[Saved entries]
---*---

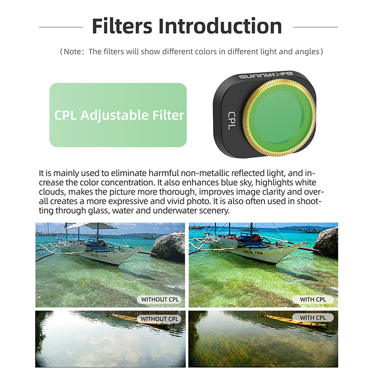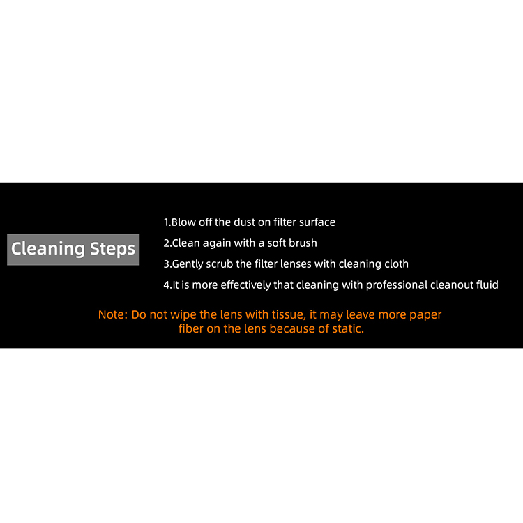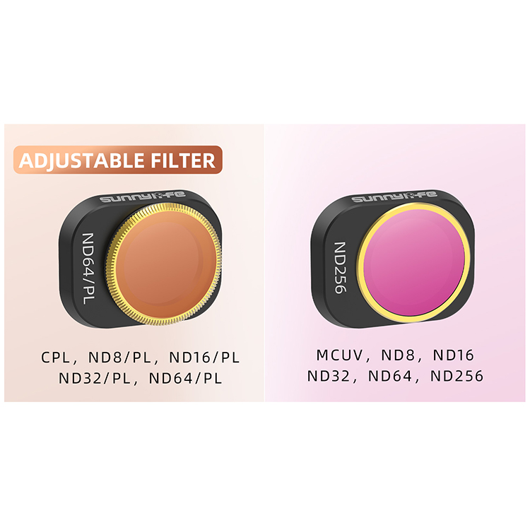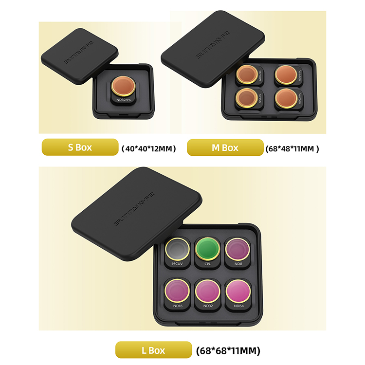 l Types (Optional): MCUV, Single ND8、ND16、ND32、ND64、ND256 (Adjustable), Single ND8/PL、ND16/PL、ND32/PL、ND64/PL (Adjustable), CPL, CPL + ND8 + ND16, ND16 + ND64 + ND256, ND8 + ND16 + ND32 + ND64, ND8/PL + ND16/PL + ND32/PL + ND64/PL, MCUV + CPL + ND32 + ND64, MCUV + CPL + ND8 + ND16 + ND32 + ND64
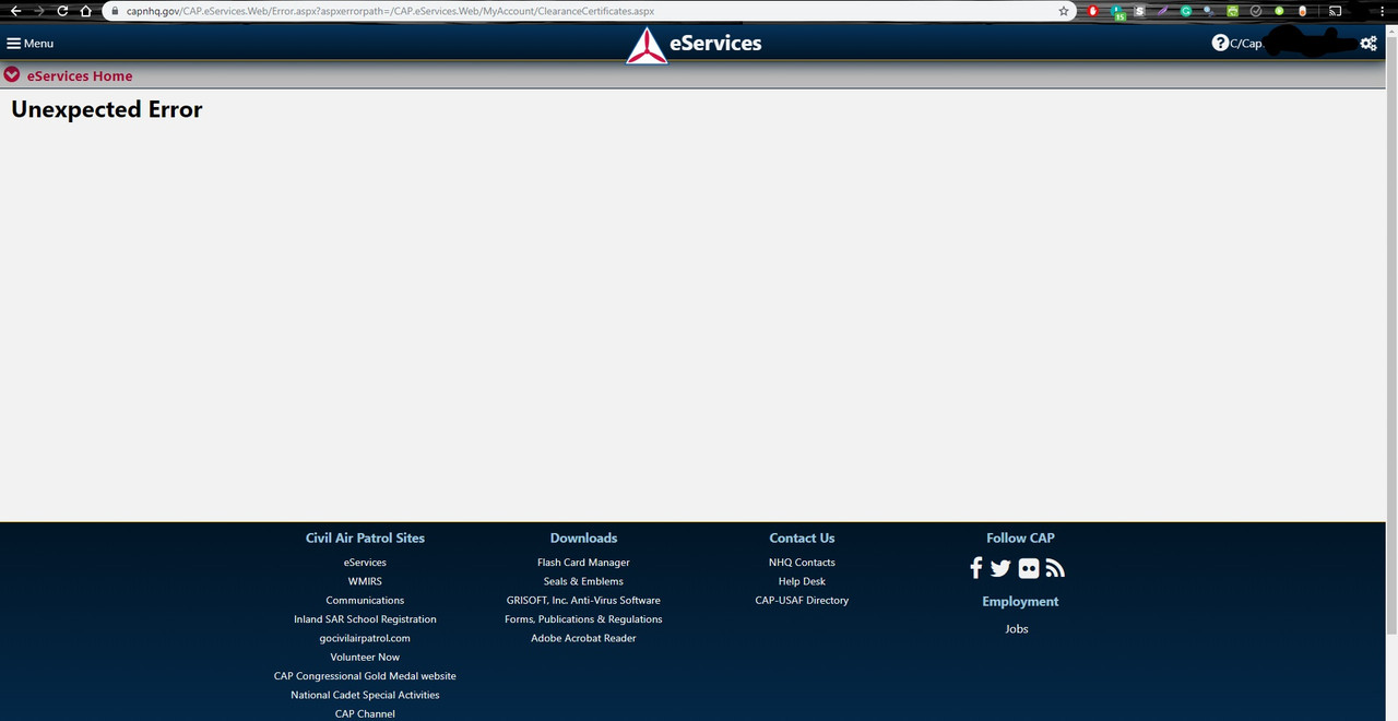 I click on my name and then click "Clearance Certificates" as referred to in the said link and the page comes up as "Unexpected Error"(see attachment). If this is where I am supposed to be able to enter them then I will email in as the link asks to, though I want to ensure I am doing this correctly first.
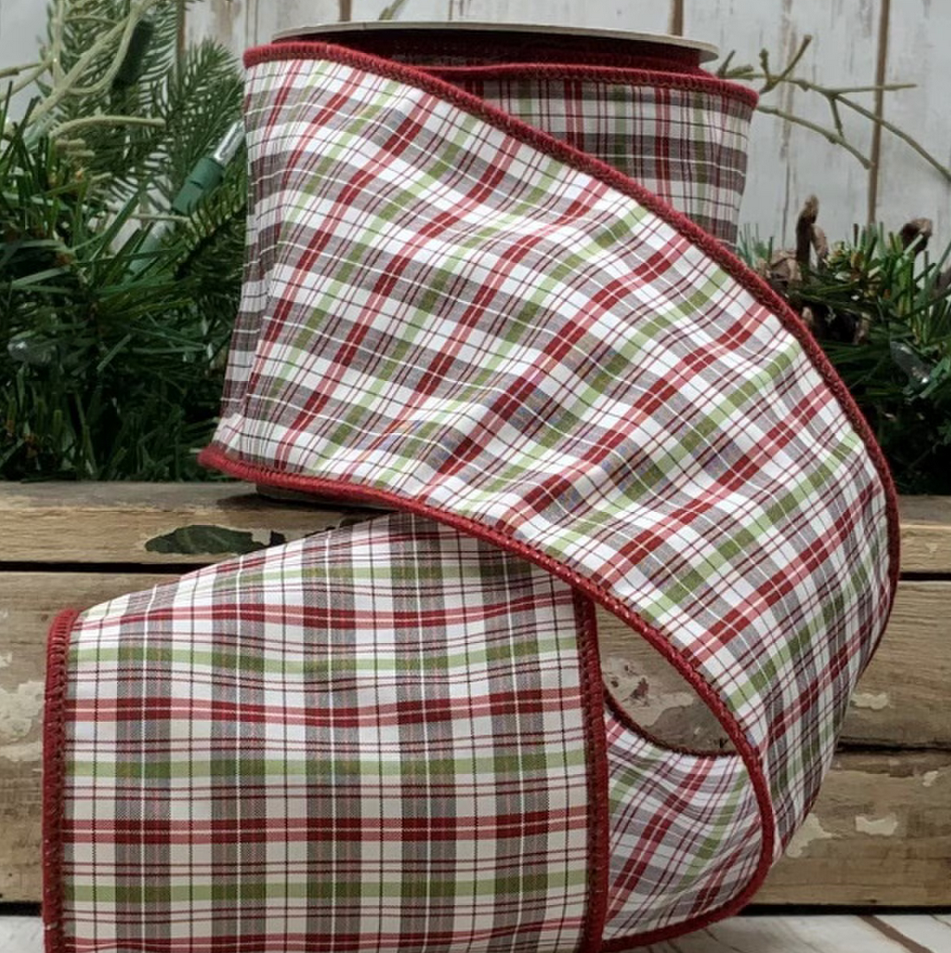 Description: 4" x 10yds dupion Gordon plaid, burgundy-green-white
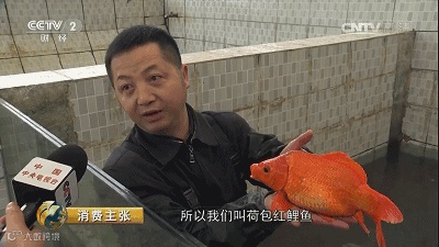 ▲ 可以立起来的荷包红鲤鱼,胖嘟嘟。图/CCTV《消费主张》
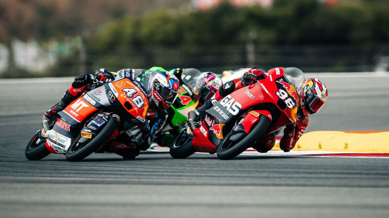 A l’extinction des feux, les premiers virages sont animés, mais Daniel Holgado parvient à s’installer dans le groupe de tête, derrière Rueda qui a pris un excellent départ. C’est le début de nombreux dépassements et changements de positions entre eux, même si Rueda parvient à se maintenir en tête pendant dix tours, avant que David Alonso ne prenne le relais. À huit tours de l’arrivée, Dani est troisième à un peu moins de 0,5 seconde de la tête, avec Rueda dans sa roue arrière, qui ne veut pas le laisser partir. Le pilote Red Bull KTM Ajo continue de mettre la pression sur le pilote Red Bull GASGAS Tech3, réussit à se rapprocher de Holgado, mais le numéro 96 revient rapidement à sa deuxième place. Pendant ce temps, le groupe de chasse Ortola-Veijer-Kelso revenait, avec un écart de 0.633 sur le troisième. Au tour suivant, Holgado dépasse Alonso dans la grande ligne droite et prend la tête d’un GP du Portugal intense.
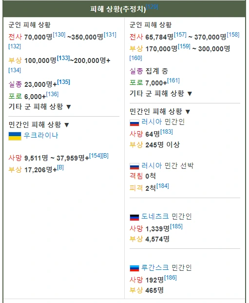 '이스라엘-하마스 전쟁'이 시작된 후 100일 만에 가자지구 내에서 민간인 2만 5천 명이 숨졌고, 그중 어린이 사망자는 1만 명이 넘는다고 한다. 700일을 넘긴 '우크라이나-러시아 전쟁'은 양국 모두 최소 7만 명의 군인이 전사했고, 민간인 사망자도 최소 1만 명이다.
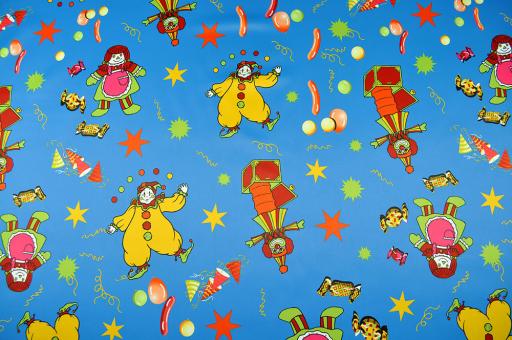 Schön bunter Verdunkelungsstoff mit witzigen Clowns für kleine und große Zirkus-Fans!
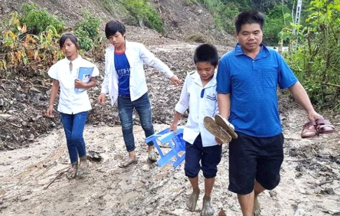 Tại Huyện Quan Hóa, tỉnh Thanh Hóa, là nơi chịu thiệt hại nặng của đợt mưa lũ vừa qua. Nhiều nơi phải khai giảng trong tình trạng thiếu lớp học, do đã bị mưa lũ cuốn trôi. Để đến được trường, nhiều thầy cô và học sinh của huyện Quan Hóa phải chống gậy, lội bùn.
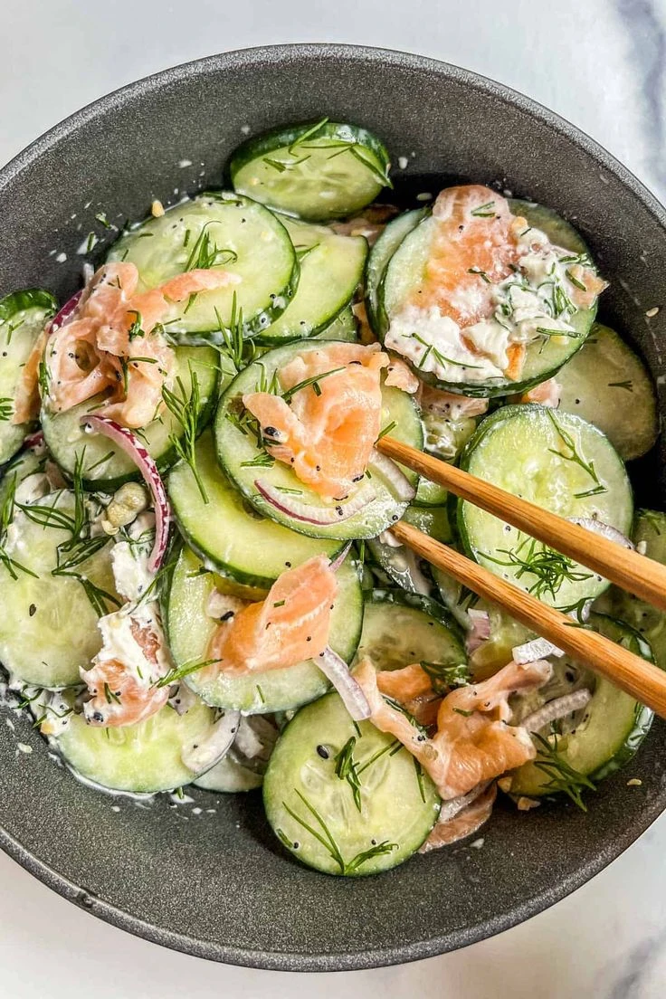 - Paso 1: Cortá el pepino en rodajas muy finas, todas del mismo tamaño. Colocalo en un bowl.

---*---

**Your instructions:**
What the answer needs is every line from the one with "사망자도 최소 1만 명이다." through the last line of the data, reproduced word for word and with pictures omitted.

**Task result:**
 '이스라엘-하마스 전쟁'이 시작된 후 100일 만에 가자지구 내에서 민간인 2만 5천 명이 숨졌고, 그중 어린이 사망자는 1만 명이 넘는다고 한다. 700일을 넘긴 '우크라이나-러시아 전쟁'은 양국 모두 최소 7만 명의 군인이 전사했고, 민간인 사망자도 최소 1만 명이다.
 Schön bunter Verdunkelungsstoff mit witzigen Clowns für kleine und große Zirkus-Fans!
 Tại Huyện Quan Hóa, tỉnh Thanh Hóa, là nơi chịu thiệt hại nặng của đợt mưa lũ vừa qua. Nhiều nơi phải khai giảng trong tình trạng thiếu lớp học, do đã bị mưa lũ cuốn trôi. Để đến được trường, nhiều thầy cô và học sinh của huyện Quan Hóa phải chống gậy, lội bùn.
 - Paso 1: Cortá el pepino en rodajas muy finas, todas del mismo tamaño. Colocalo en un bowl.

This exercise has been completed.